Even if AI can write functional code, that doesn’t eliminate the need for mid-level engineers. All code, no matter how well-written, eventually requires updates. Security vulnerabilities need patching, APIs evolve, dependencies get deprecated, and business requirements change. Who’s going to handle these inevitable maintenance tasks? AI might be able to assist, but it can’t completely replace the nuanced understanding of a system that a human engineer provides.

Consider the metaphor of AI as a power tool for software development. It can make some tasks faster and easier, but someone still needs to wield the tool, know how to use it safely, and fix the mess when something goes wrong. Far from making engineers obsolete, AI tools are likely to amplify their productivity—and perhaps even increase demand for engineers who can effectively integrate these tools into their workflows.

AI Generated Code

If companies like Meta actually moved forward with replacing most of their mid-level engineers, they’d quickly find themselves in a “foot-and-gun” scenario. Without a robust team of engineers to maintain and adapt AI-generated code, systems would break down, product development would stall, and customer trust would erode. It’s a short-sighted strategy that prioritizes immediate cost savings over long-term resilience.

Selling the Promise of AI Is in Their Interest

It’s no secret that tech giants have a vested interest in promoting AI as the next big thing. AI and machine learning are lucrative business lines, and hyping up their potential is a great way to attract investment, sell products, and capture headlines. By framing AI as a technology capable of replacing entire swaths of the workforce, these companies generate excitement and urgency around adopting their solutions.
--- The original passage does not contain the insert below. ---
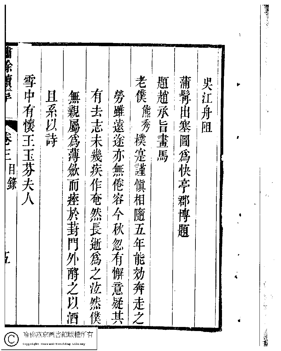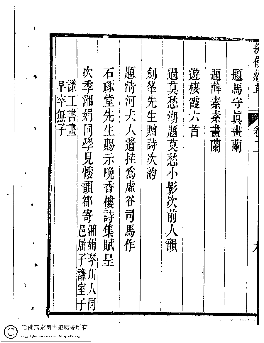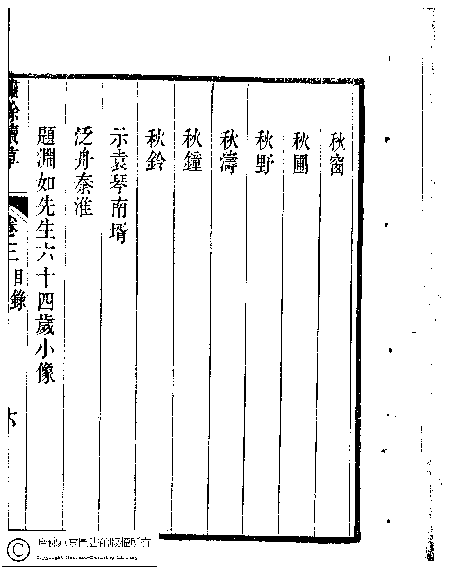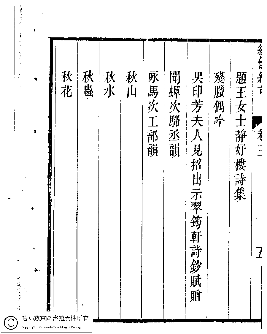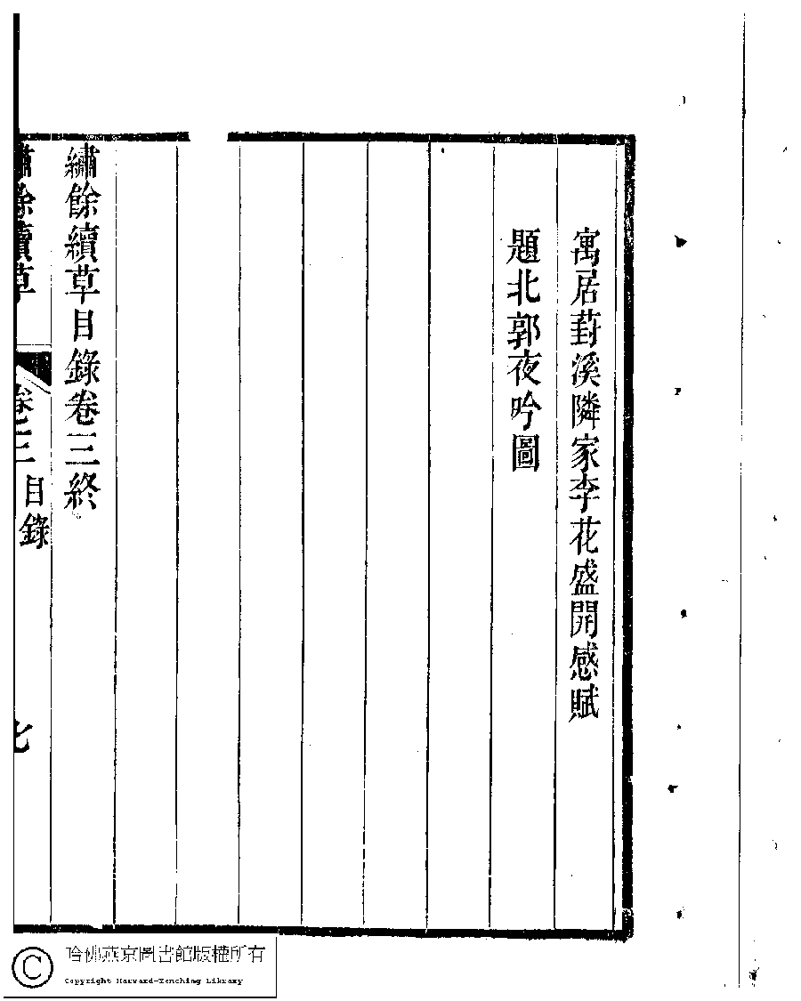 繡餘續草﹕五卷(清歸懋儀撰) Xiu yu xu cao: 5 juan (by Gui Maoyi, Qing dynasty) , pp. 3.目錄.1a,3.目錄.1b,3.目錄.2a,3.目錄.2b,3.目錄.3a,3.目錄.3b,3.目錄.4a,3.目錄.4b,3.目錄.5a,3.目錄.5b,3.目錄.6a,3.目錄.6b,3.目錄.7a,3.目錄.7b.

Heck, I am an AI/ML Engineer… I am in the space promoting the same thing, but my views on AI/ML is that they are HIGHLY strategic tools to be used by people. Replacing mid-level engineers isn’t just a technical challenge; it’s a strategic one. Engineering teams don’t just write code—they collaborate, solve complex problems, and adapt systems to changing business needs. These human-centric tasks are not easily outsourced to AI, no matter how advanced it becomes.

AI Generated Code

At the end of the day, humans consume the products that these companies produce. Until that changes, people will make the decision on what to buy and companies need to persuade those people to choose to buy their products. AI/ML systems don’t understand why things go viral, why we collectively like what we do, and why things like Hawk Tuah or Luigi Mangione captured our collective attention. Would AI have predicted that a good number of people would rally around someone killing another person? I think not.

The Full Stop Thought

AI is undoubtedly transforming how we work, and some jobs will inevitably be impacted. However, the idea that AI will replace most mid-level engineers at companies like Meta by 2025 is far-fetched. The reality is that AI tools are most effective as complements to human expertise, not replacements for it. Companies still need skilled engineers to maintain systems, adapt to changes, and ensure the quality of their products—and that’s not going to change anytime soon.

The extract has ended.